Has anyone tried these? Good? Bad? Indifferent?


----------



## Roger (May 17, 2003)

PM sent


----------



## murph (Aug 14, 2006)

They make a huge range of battery types and there larger batteries seem decent enough.


----------



## Silver Hawk (Dec 2, 2003)

I wonder what Roger's PM said?









Only ever use Renata myself Rich...let us know how you get on, I could save thousands of Â£Â£Â£


----------



## rhaythorne (Jan 12, 2004)

I've decided to stick with the brands I mentioned in my first post  I've found Energizer to be good too.

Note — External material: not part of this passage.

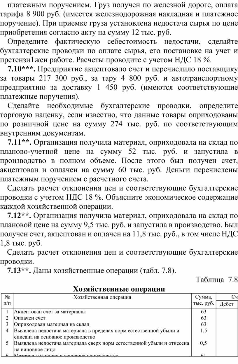 7.2***. Предприятием, согласно договору, предварительно оплачено сырье на сумму 236 тыс. руб., в том числе НДС 36 тыс. руб. (платежное поручение). Груз получен по железной дороге, оплата железнодорожного тарифа обошлась в 11,8 тыс. руб., в том числе НДС 1,8 тыс. руб. (железнодорожная накладная, платежное поручение). При приемке груза установлена недостача сырья по цене приобретения на сумму 35,4 тыс. руб., в том числе НДС 5,4 тыс. руб.

I often buy them in boxes of 10 to help keep the price down a bit but, like most things in life, I guess you get what you pay for, so buying cheap can often be a false economy.


----------



## Silver Hawk (Dec 2, 2003)

rhaythorne said:


> I've found Energizer to be good too.


The 301 Energizer is no good for Hamilton Electrics.









They take 301s but Energizer changed the shape slightly







; Renata are fine though







.


----------



## watchless (Jan 21, 2005)

Silver Hawk said:


> rhaythorne said:
> 
> 
> > I've found Energizer to be good too.
> ...


You are right! since about six month the 301 and the 386 is the same cell. Instead of High and Low drain

Energizer released a "multi drain" cell. As you pointed out there are a few movements that this battery will not fit.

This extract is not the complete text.